A. Procedural Default

As this Court explained in Brown v. U.S., 583 F.Supp.2d 1330 (S.D.Ga. 2008) (denying Brown's § 2255 and ancillary motions), as reconsidered, 2008 WL 4822542 (S.D.Ga. 11/4/08) (unpublished), Brown alleged that appointed counsel provided him with ineffective assistance of counsel (IAC), and thus imposition of the conviction and sentence against him violates his Sixth Amendment right to counsel. Doc. # 51.

Brown enmeshed his IAC allegations in almost every claim that this Court reached. That has complicated much of the Court's § 2255 analysis because of what is, in hindsight, this Court's troublesome decision to allow one of Brown's appellate lawyers (J.L. Ertel) to continue as § 2255 counsel. See U.S. v. Brown, 2007 WL 1812632 (S.D.Ga. 6/18/07) (unpublished) (order appointing § 2255 counsel to represent Brown).

Some background: Brown's two trial lawyers were replaced by two new lawyers (J.L. Ertel and D.F. Samuel) on appeal. Brown, 2007 WL 1812632 at * 2. After that appeal was denied, Brown moved this Court for statutory ( 18 U.S.C. § 3599) compensation for two lawyers to represent him. Doc. # 1. The Court authorized compensation for only one — J.L. Ertel or Mark Olive, with counsel free to "switch . . . if they so choose. . . ." Brown, 2007 WL 1812632 at * 4 (noting that Brown had failed to show "good cause," as required by § 3599, for two, so the two proposed lawyers could decide who would represent him).

Ertel stepped forward. Doc. # 3. He has done a masterful and unflinching job of advocating Brown's § 2255 and related motions, and also has been able to "gum up the works" by exploiting not only the "cause and prejudice" exception to the procedural default doctrine, see Murray v. Carrier, 477 U.S. 478, 488 (1986) ("Ineffective assistance of counsel, then, is cause for a procedural default") (emphasis added); Massaro v. U.S., 538 U.S. 500, 509 (2003), but also Ertel's own conflict of interest.

Put another way, Ertel has insisted that if he failed to raise (and thus has procedurally defaulted for Brown) an issue on appeal, then he (Ertel) is advocating Brown's § 2255 motion while laboring under a conflict. See doc. # 51 at 10 ("Current appointed counsel was also appointed counsel on appeal and this may pose a conflict if counsel must raise and litigate his own ineffectiveness").

This has added obvious background tension to the adjudication of Brown's claims (Ertel never did move to withdraw from this case, and the Government remained silent about this aspect), as Courts in some instances must sua sponte inquire into conflicts of interest. See Moss v. U.S., 323 F.3d 445, 470 (6th Cir. 2003).
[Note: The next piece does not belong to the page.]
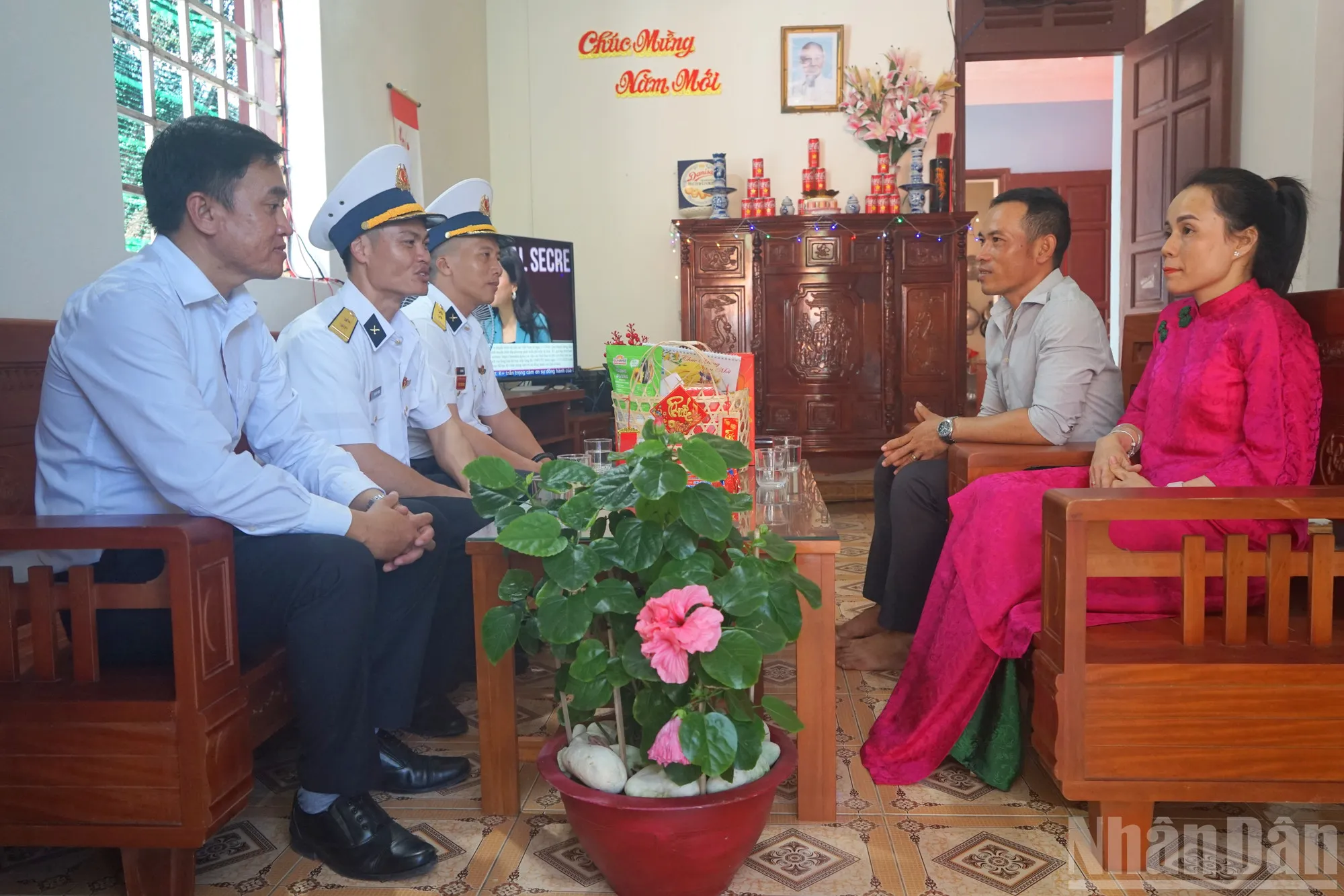 Trong ngày mùng Một, cán bộ chỉ huy các đảo cùng đại diện chính quyền tổ chức đi chúc Tết các hộ dân, đơn vị đóng quân và các lực lượng làm nhiệm vụ trên đảo. Những cái bắt tay siết chặt, những lời chúc mộc mạc mà chân thành thắt chặt thêm tình quân dân đoàn kết một lòng nơi tiền tiêu Tổ quốc.

The Court could have resolved that conflict by ejecting Ertel from this stage of the case and bringing Olive back. Olive, after all, would not have been faced with arguing his own appellate errors when claiming ineffective assistance of counsel as cause to excuse a defaulted issue. But swapping out Ertel for Olive obviously would have injected "replacement delay" ( i.e., with Ertel out, Olive presumably would have demanded more time to familiarize himself with this case) into these § 2255 proceedings. That, in turn, would have adversely impacted finality.
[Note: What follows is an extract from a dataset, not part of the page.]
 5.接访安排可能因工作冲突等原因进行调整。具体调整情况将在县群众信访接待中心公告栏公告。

Clearly, then, the Court should have selected Olive up front and not left it up to these lawyers to choose Ertel. Having been left in this case, Ertel has since had Brown oppose the Government's procedural default arguments by citing precedent from a variety of circuits, e.g., Barker v. U.S., 7 F.3d 629, 634 (7th Cir. 1993) ("We do not usually expect lawyers to raise the issue of their own ineffectiveness at trial on appeal"), plus Ertel's direct-appeal involvement, to amplify his "cause" showing. This granted Brown an extra edge when he argued that Ertel's ineffective appellate assistance relieved him of a procedural default. See doc. # 8 at 101 ¶ 34; id. at 115 n. 35; id. at 116 n. 36; doc. # 51 at 10.

It is in that light that Ertel (hence Brown) now insists that this Court should grant Brown's COA application "on all of the default issues because reasonable jurists could disagree about whether the claims were, in fact, procedurally defaulted and/or whether Movant established cause and prejudice to excuse any default." Doc. # 86 at 5-7. Again, the Court's outright appointment of Olive would have prevented this artificially augmented "cause" argument.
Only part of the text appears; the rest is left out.